Use of longer chain alcohols, such as butanol, has shown better results due to their ability to form a single phase with the oil. Shorter alcohols, such as methanol, are more polar and form two phases, which leads to slower reaction kinetics [19, 29]. This can be explained by mass transfer limitations between the alcohol and oil phases when a two phase reaction is formed. If the reaction is a single phase the oil, alcohol, and catalyst are in constant contact facilitating the reaction. However, due to the availability of methanol and ethanol and their lower cost, these alcohols are generally used over other alcohols [81]. Focus has been placed more on hydrochloric and sulfuric acid as catalysts, and when compared, sulfuric acid has shown to provide higher levels of conversion and reaction rates [29]. Based on these results, the use of methanol and sulfuric acid to carry out transesterification of algal oils is preferred and is the common means of generating biodiesel from the lipids. Methanol to oil ratio is an important factor as well as the catalyst concentration. With the FAME generating reaction being reversible, it is necessary to push the equilibrium to the right by adding excess methanol. Based on the stoichiometry, a ratio of 3:1 molar ratio of methanol to oil should be used, as shown in Figure 2-7, but since the equilibrium needs to


48

be shifted, the ratios used tend to be higher (30:1) [77]. Higher methanol to oil ratios and higher acid concentrations yield better lipid conversion [82]. The presence of water in the oil, or reaction medium, inhibits the reaction. Inhibition is widely explained by three mechanisms in the literature. Water tends to shield lipids away from the extracting solvent or methanol and catalyst in solution [83]. This does not allow the alcohol and catalyst to contact the oil, therefore no reaction can occur [81]. Secondly, biodiesel formation is a reversible reaction, as shown in Figure 3-6. In the presence of water, biodiesel can be hydrolyzed back to free fatty acids and the alcohol, and the equilibrium will be shifted to the reactant side as the concentration of water in the system increases [84]. The final mechanism is the deactivation of the catalyst. When acids are used, the water takes up protons out of the solution. This is due to water being a better proton acceptor than the lipid molecules being targeted [85]. Even 0.1 wt% water content in the oil can lead to a negative impact on the biodiesel yield. When the water content reaches 5 wt% of the oil, the reaction can become totally inhibited. When FFAs are present in the lipid feedstock, water is generated via the reaction shown in Figure 3-6, thereby inhibiting FAME production.

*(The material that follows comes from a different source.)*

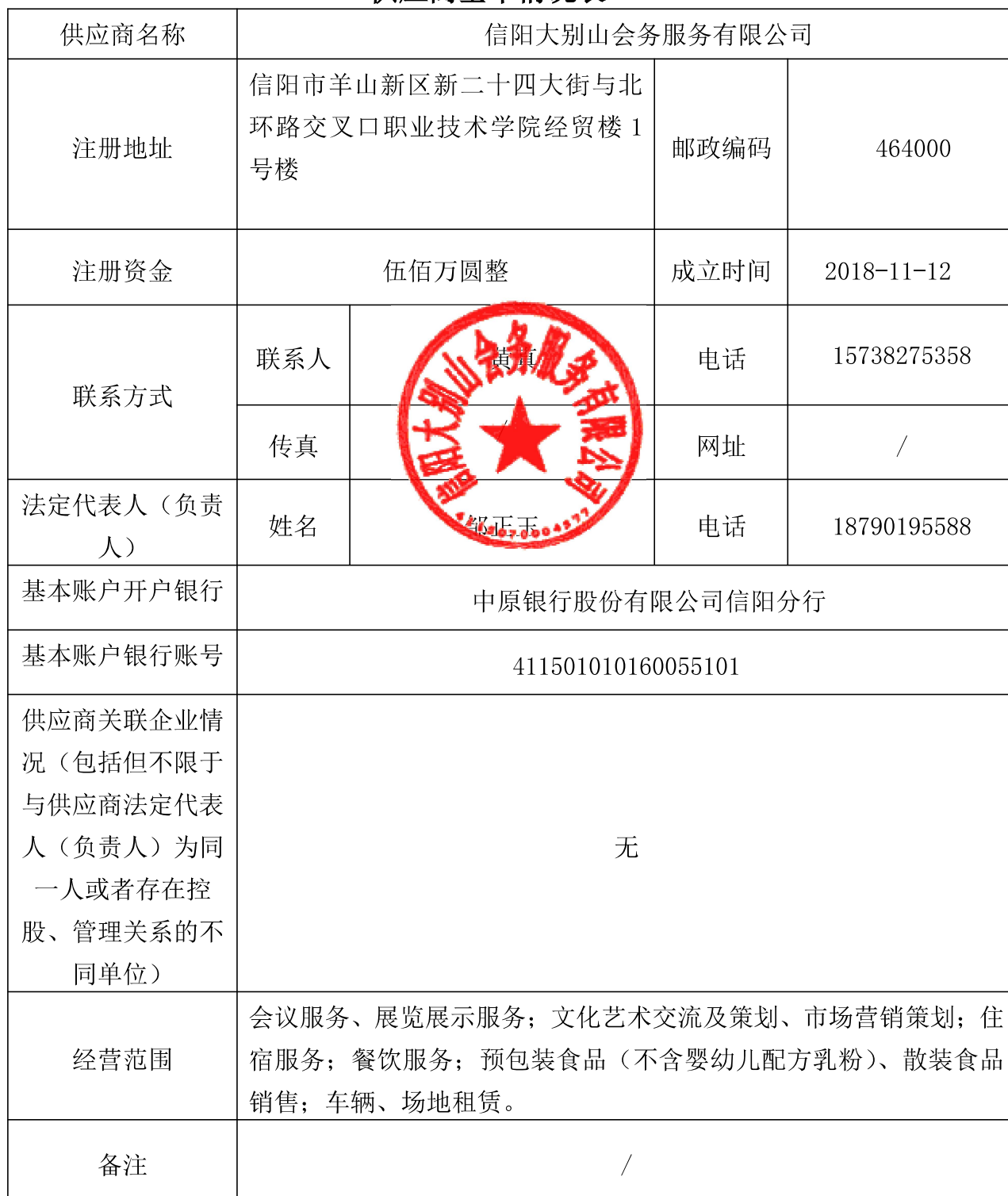
供应商基本情况表
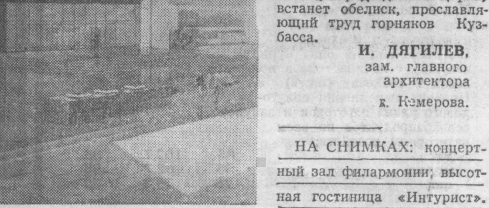
НА СНИМКАХ: концертный зал филармонии; высотная гостиница «Интурист».

2.4.2 Alkali Catalyzed Transesterification

It has been well documented that alkali catalyzed transesterification is faster than acid catalyzed transesterification, up to 4000 times faster [86]. Higher reaction rates are due to the strong nucleophilic nature of the alkoxides species formed from the catalyst and alcohol [81]. Several catalysts can be used including sodium hydroxide, potassium hydroxide, and sodium methoxide [29]. Quicker reaction rates allow for economically feasible production of biodiesel from vegetable oils on commercial scales with yields of close to 100% of the maximum [86]. Varying the reaction parameters, such as temperature, alcohol, and catalyst concentration results in similar trends to when acids catalysts are used [19] However, base catalysts have a number of drawbacks that make their use complicated based on the lipid feedstock. One of the major drawbacks is the presence of water and/or FFAs in the feedstock. Water again severely inhibits the reaction, by reducing the effectiveness of the catalyst due to salt formation [29]. Presence of water leads to the hydrolysis of the oil and subsequent neutralization of the resulting free fatty acids (FFAs) to soap. If FFAs are present in the oil, they are immediately converted to soaps, leading to a loss of catalyst, as well as to difficulties in downstream purification of the biodiesel. The levels of water and FFAs tolerable in the oil should be between 0.1 – 0.3 wt% and less than 0.5 wt% respectively [81].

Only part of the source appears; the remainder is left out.